Which we did. We had whole weekends where Kyle, Goon (Erik, who know has an Eastern Orthodox name), and I moved little cardboard squares around several dozen boards spanning a significant portion of my apartment floor near the University of Minnesota while drinking beer and shooting the shit. It made for some memorable times. Like when we played for almost 72 hours, and the whole game involved ganging up on whoever had to take a bathroom break. Eventually it devolved into me in the mountains rushing in and trying to split them up where they had bunkered down in the city, and then them pushing me out and back up into the mountains, all the while trading hardware (machine guns, et al). Or the time we finally used tanks, and Kyle blew up one of my tanks, the joy evident on his face, only to have my tanks come around a corner and tip the game the other direction. And then there was the yelling, which introduced us to the girls on the other side of the wall. One of whom Goon dated, and another - a student at Aveda - who cut my hair for several years.

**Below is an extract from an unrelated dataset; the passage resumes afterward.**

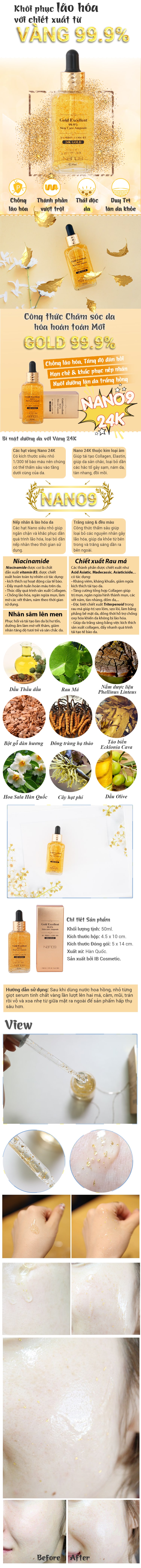 - Serum Tinh Chất Vàng 24k NANO9 Gold Excellent 99% Skin Care Ampoule (50ml) chứa tinh chất vàng 24k tinh khiết, khi sử dụng nhanh chóng đi sâu vào các lớp biểu bì, thúc đẩy sự tổng hợp sợi Collagen, Elastin, khôi phục độ co dãn của mô tế bào, ngăn chặn quá trình lão hóa da, cấp ẩm và duy trì độ ẩm, giúp da trở nên săn chắc hơn nhờ kết hợp với các vitamin A, E… từ các chiết xuất thảo dược thiên nhiên.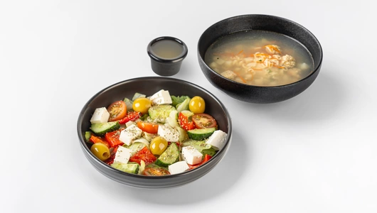 Комбо: Суп куриный с фрикадельками + Салат Греческий с томатами

Sure...we could have been chasing women (and perhaps we were, given we were talking to them through the wall). But two of the most attractive women I knew from college (my wife aside) were seriously into war games and Russian military history. You don't get that kind of variety after you enter the real world, so it skews your idea of what's normal and acceptable behavior. If they think playing war games is fun, you just take it at face value.

Kyle and I have tried several times over the years to recapture a bit of that fun, but the Advanced Squad Leader rules are daunting. The attacker/defender fire and movement phases alone take some in depth study and practice, and many days it seems as though it's just easier to settle on some f*ing Eurogame. But once again, ASL calls. I can hear the small gun fire (or maybe that me getting offed with my .2 kill rate in Call of Duty on the Wii) and the rumble of the tanks. It's probably my fault for suggesting a game of Axis and Allies at our last gaming day. That's a gateway drug. Advanced Squad Leader is the heroin to A&A marijuana. Fortunately, the internet has occurred since we last really played, and there seem to be a few good tutorials out there to get us going.

At the moment, I'm reading this one at BoardGameGeek which uses a more lyrical approach to the rules (no, references and jogs my memory of all the things we kept trying to remember and couldn't (oh yeah, cowering). I'm hoping it's a good place to start, and you know I'm optimistic as even these simple tutorials are over 24 pages per section. So a basic introduction is 160 or so pages, which gives you an idea of the complexity of the outlined rules system.